__What is being asked__: Copy the data that follows exactly as it is, excluding all pictures.

__Given material__:
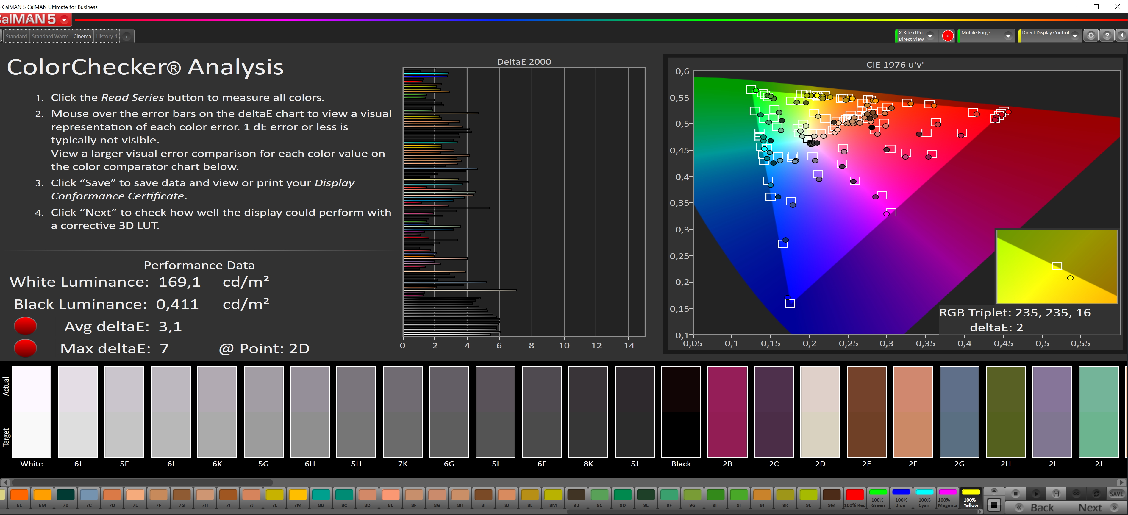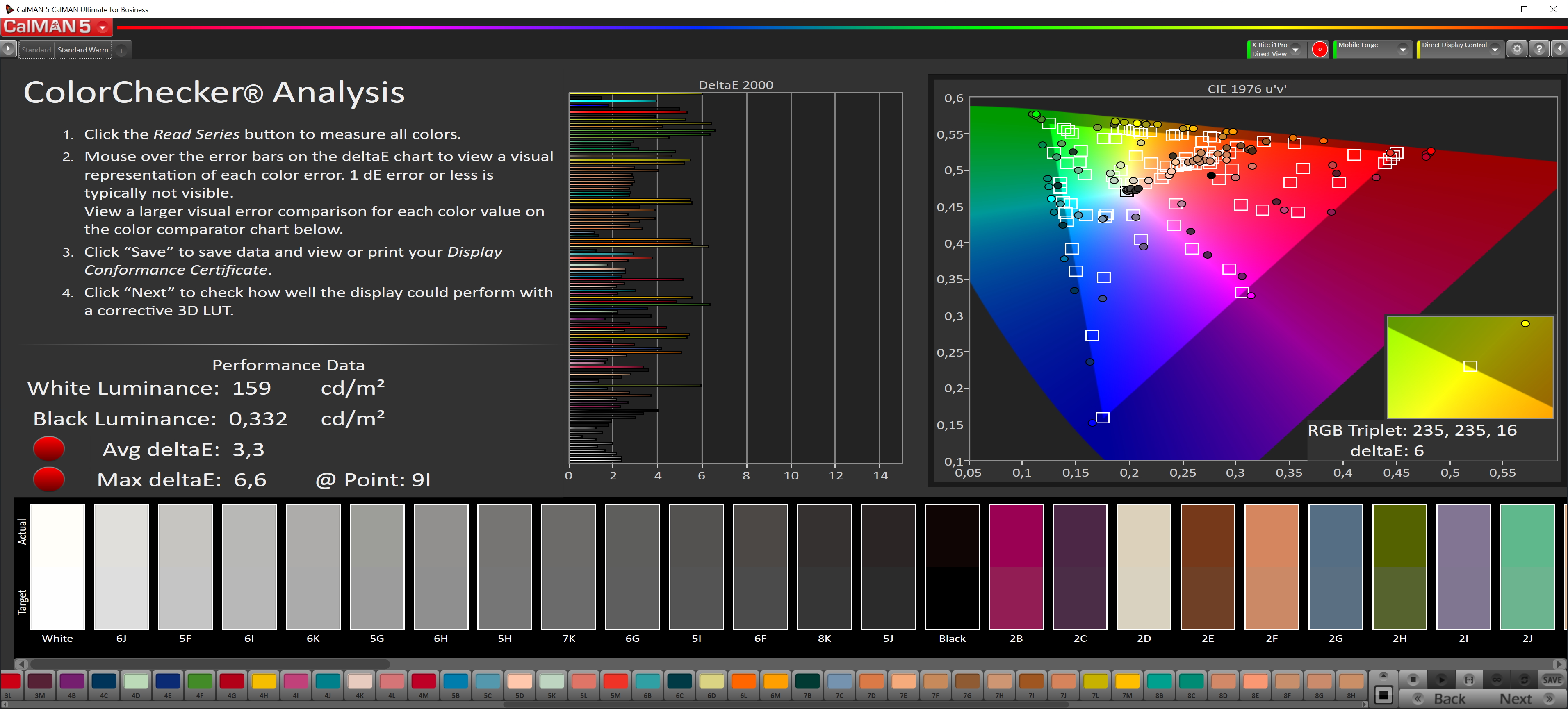 Απόδοση της οθόνης στο Standard, στο Standard με Warm White Balance και στο Creator Mode.
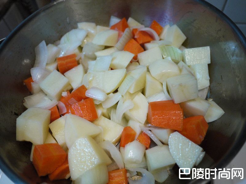 5将马铃薯及胡萝卜放入锅中,一起翻炒,让油脂均匀裹住。
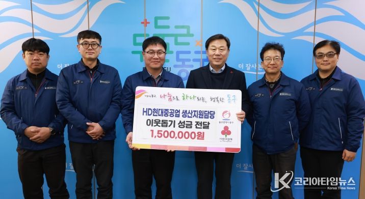 코리아타임뉴스 울산취재본부 | HD현대중공업 생산지원담당(부서장 박필용 수석)은 1월 16일 오전 10시 동구청을 방문해 이웃돕기 성금 150만 원을 전달했다.

__Response to this task__:
 Απόδοση της οθόνης στο Standard, στο Standard με Warm White Balance και στο Creator Mode.
 5将马铃薯及胡萝卜放入锅中,一起翻炒,让油脂均匀裹住。
 코리아타임뉴스 울산취재본부 | HD현대중공업 생산지원담당(부서장 박필용 수석)은 1월 16일 오전 10시 동구청을 방문해 이웃돕기 성금 150만 원을 전달했다.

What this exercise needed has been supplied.